Final answer:
The C-terminal sequence KKKKKXXC likely attaches to the membrane through the lipidation of the cysteine residue. This lipid anchor differs from other membrane protein interactions, such as spanning the membrane or interaction with other membrane proteins.
Step-by-step explanation:
The most likely way in which the C-terminal sequence attaches these proteins to the membrane is likely through the involvement of the cysteine residue at the end of the sequence. This sequence indicates a post-translational modification where the cysteine residue is covalently linked to a lipid molecule in the membrane, a process known as lipidation. The sequence KKKKKXXC suggests that the lipidation occurs through the cysteine at the end (denoted by 'C'), which becomes covalently attached to a fatty acid chain, likely a prenyl group or a fatty acyl group. This type of anchor is categorized as a lipid anchor, which differs from transmembrane proteins that span the membrane with hydrophobic alpha-helices.
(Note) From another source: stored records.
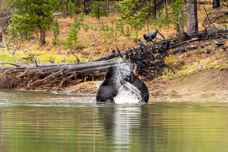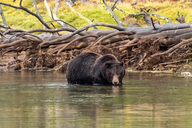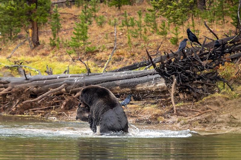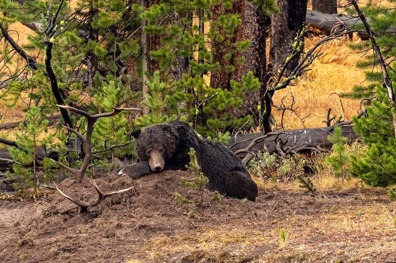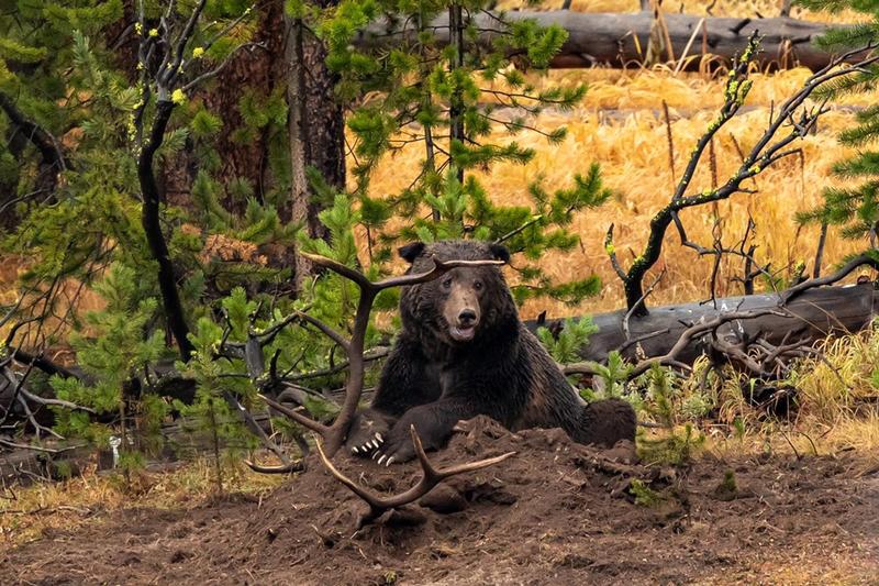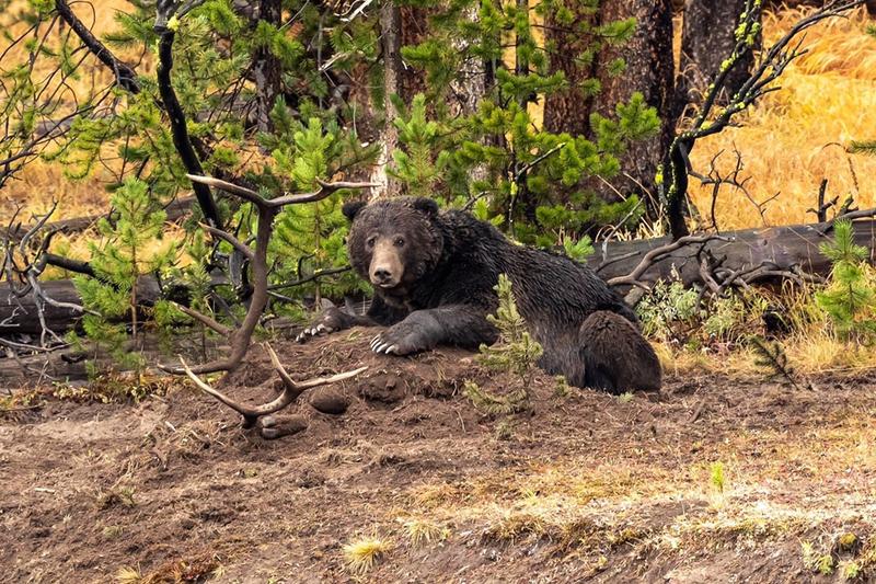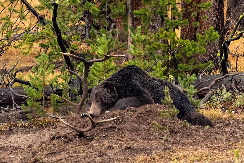 791” the darker grizzly “grizzly killed an elk 3 weeks ago and devoured most of it. After a week of defending his kill he left his post and 891 grizzly takes the remains and buried it again further up the embankment.791 came back for his spoils and thus the fight began all 15 seconds of it ,891 won and took his throne of dirt. . Pics are available at any size cost depending on size , framed or unframed. This price is a 21x27” framed, matted and non glare glass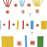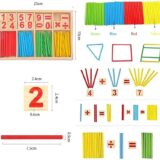 The image displays a “Counting Sticks” or “Mathematical Intelligence Stick” educational toy set, which is a popular Montessori learning tool for children. Purpose: The toy is designed to help children learn basic arithmetic operations (addition, subtraction, multiplication, and division) and number recognition in a hands-on, visual way. Components:  Benefits: It makes abstract math concepts more tangible and engaging for preschoolers and early learners, helping to improve their logical thinking, hand-eye coordination, and overall cognitive ability. Usage: Children can use the sticks to count and form equations with the number and symbol blocks, making learning fun and interactive.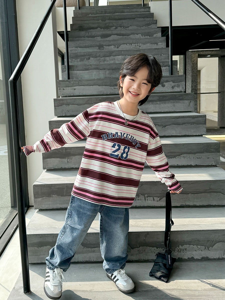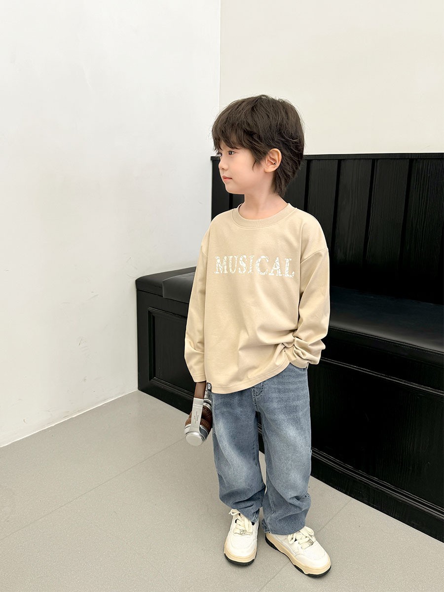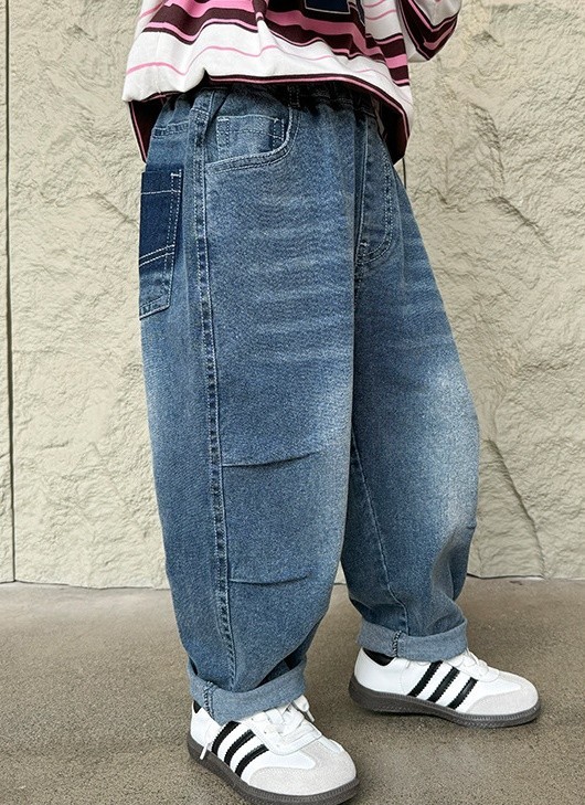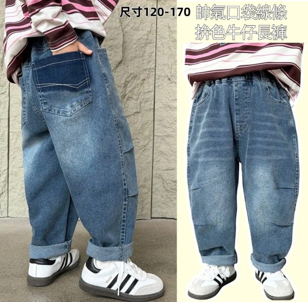 DHM2417中大童帥氣口袋線條拚色牛仔長褲

It is important to note that the other options are less likely. The peptide spanning the membrane as an alpha helix or beta sheet would require a stretch of hydrophobic amino acids to interact with the hydrophobic core of the membrane lipid bilayer, which is not indicated by the sequence provided. Similarly, the positively charged lysine residues (denoted by 'K') engaging with an acidic integral membrane protein is an unlikely primary mechanism for membrane attachment because the sequence given is a signal for covalent lipid attachment.